Tags
Language
Tags
June 2025
Su Mo Tu We Th Fr Sa
1 2 3 4 5 6 7
8 9 10 11 12 13 14
15 16 17 18 19 20 21
22 23 24 25 26 27 28
29 30 1 2 3 4 5
    Attention❗ To save your time, in order to download anything on this site, you must be registered 👉 HERE. If you do not have a registration yet, it is better to do it right away. ✌

    ( • )( • ) ( ͡⚆ ͜ʖ ͡⚆ ) (‿ˠ‿)
    SpicyMags.xyz

    Computational Statistics in Data Science

    Posted By: yoyoloit
    Computational Statistics in Data Science

    Computational Statistics in Data Science
    by Piegorsch, Walter W.;Levine, Richard A.;Zhang, Hao Helen;Lee, Thomas C. M.;

    English | 2022 | ISBN: ‎ 1119561078, 978-1119561071 | 674 pages | True PDF | 27.32 MB



    An essential roadmap to the application of computational statistics in contemporary data science

    In Computational Statistics in Data Science, a team of distinguished mathematicians and statisticians delivers an expert compilation of concepts, theories, techniques, and practices in computational statistics for readers who seek a single, standalone sourcebook on statistics in contemporary data science. The book contains multiple sections devoted to key, specific areas in computational statistics, offering modern and accessible presentations of up-to-date techniques.
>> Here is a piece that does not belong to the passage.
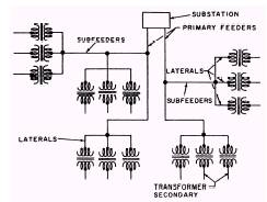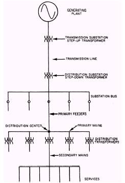 Figure 5-8.\Elements of a power distribution system. power to the proper voltage and frequency necessary for transmission. Usually, a substation is used to connect the generating plant to the transmission lines. The substation transforms the generated voltage to transmission voltage and protects the generating plant against any faults on the transmission lines. Another substation is used to transform the transmission voltage to that of the distribution voltage. The distribution substation protects the substation and transmission lines against any faults occurring on the distribution feeders. At many advanced bases, the source of the power will be generators connected directly to distribution centers, thus eliminating the need for substations. Primary feeders are those conductors in a distribution system that are connected from the substations and that transfer the power to the distribution centers (fig. 5-8). They may be arranged as radial, loop, or network systems and may be overhead or underground. Radial Distribution System A representative schematic of a radial distribution system is shown in figure 5-9. You will note the branching out of the independent feeders to several distribution centers without intermediate connections between feeders. The most frequently used system is the radial distribution system because it is the simplest and least expensive system to build. It is not as reliable as most systems, however, because a fault in the main feeder may result in an outage on all loads served by the feeder. Service on this type of feeder can be improved by installing automatic circuit breakers that will reclose the service at predetermined intervals. If the fault continues after a predetermined number of closures, the breaker will be locked out until the fault is cleared and service is restored by hand reset. Loop, or Ring, Distribution System The loop (or ring) system of distribution starts at the substation and is connected to or encircles an area serving one or more distribution transformers or load centers; the conductors of the system return to the same substation.

    Computational Statistics in Data Science provides complimentary access to finalized entries in the Wiley StatsRef: Statistics Reference Online compendium. Readers will also find:

    A thorough introduction to computational statistics relevant and accessible to practitioners and researchers in a variety of data-intensive areas
    Comprehensive explorations of active topics in statistics, including big data, data stream processing, quantitative visualization, and deep learning

    Perfect for researchers and scholars working in any field requiring intermediate and advanced computational statistics techniques, Computational Statistics in Data Science will also earn a place in the libraries of scholars researching and developing computational data-scientific technologies and statistical graphics.